Frobenius splitting

In mathematics, a Frobenius splitting, introduced by Mehta and Ramanathan (1985), is a splitting of the injective morphism O_X→F_*O_X from a structure sheaf O_X of a characteristic p > 0 variety X to its image F_*O_X under the Frobenius endomorphism F_*.

(Brion Kumar) give a detailed discussion of Frobenius splittings.
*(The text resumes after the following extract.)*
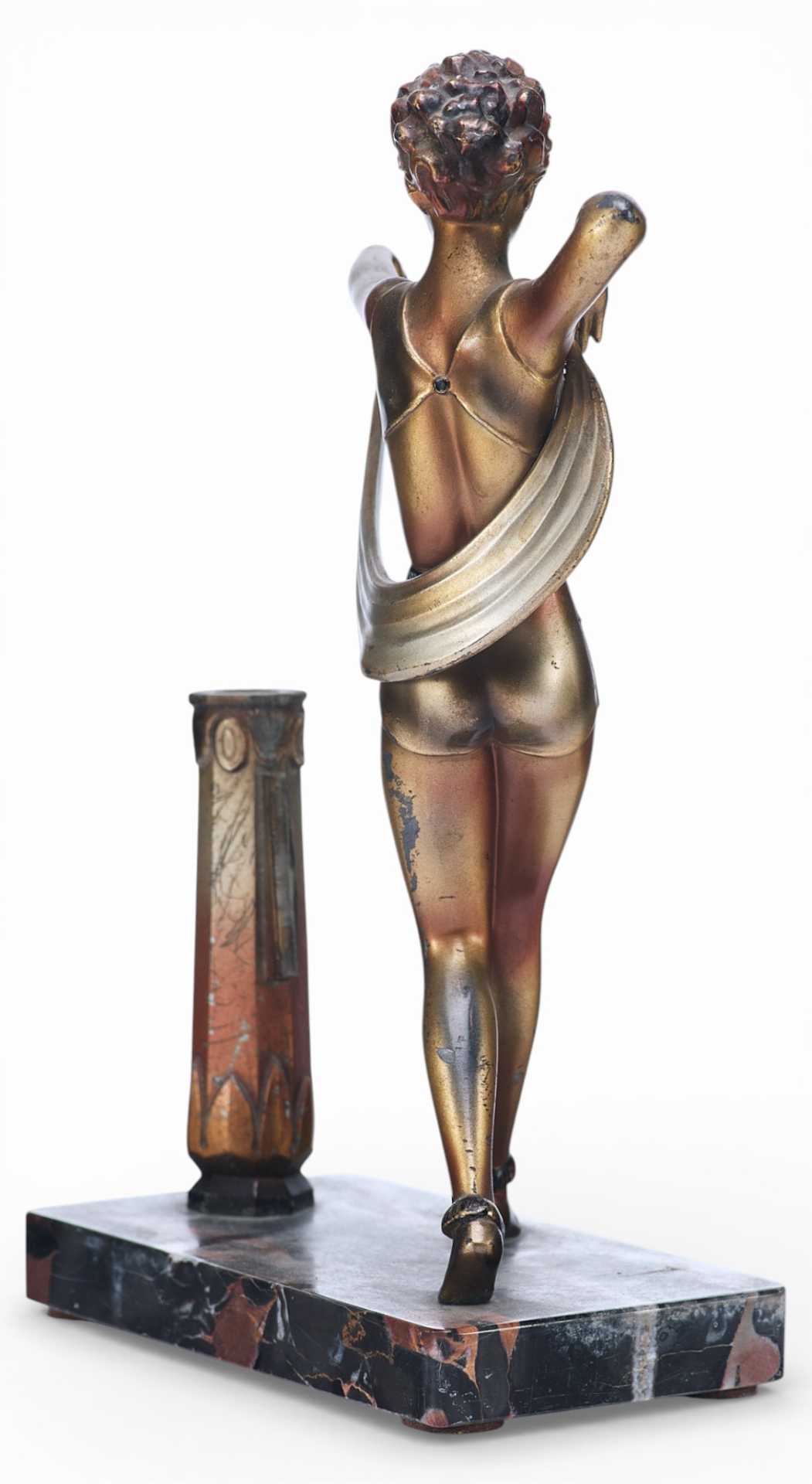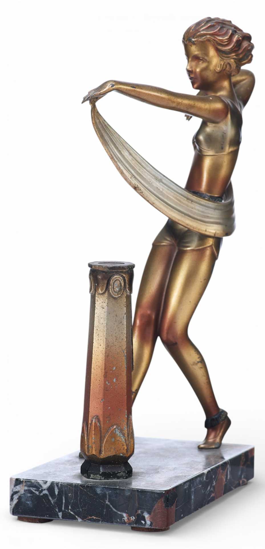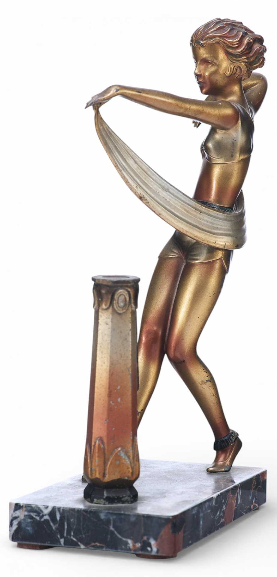 Представлена скульптура в виде танцовщицы одетой по моде 1920-1930-х гг. Скульптура представляет собой пример недорогой шпиатровой пластики имитирующей довольно популярную в Европе и получившую название в широких кругах искусствоведов и коллекционеров - «венскую бронзу».

A fundamental property of Frobenius-split projective schemes X is that the higher cohomology Hⁱ(X,L) (i > 0) of ample line bundles L vanishes.

References

• Brion, Michel; Kumar, Shrawan (2005), Frobenius splitting methods in geometry and representation theory, Progress in Mathematics, 231, Boston, MA: Birkhäuser Boston, doi:10.1007/b137486, ISBN 978-0-8176-4191-7 
• Mehta, V. B.; Ramanathan, A. (1985), "Frobenius splitting and cohomology vanishing for Schubert varieties", Annals of Mathematics, Second Series 122 (1): 27–40, doi:10.2307/1971368, ISSN 0003-486X 

External links

• Conference on Frobenius splitting in algebraic geometry, commutative algebra, and representation theory at Michigan, 2010.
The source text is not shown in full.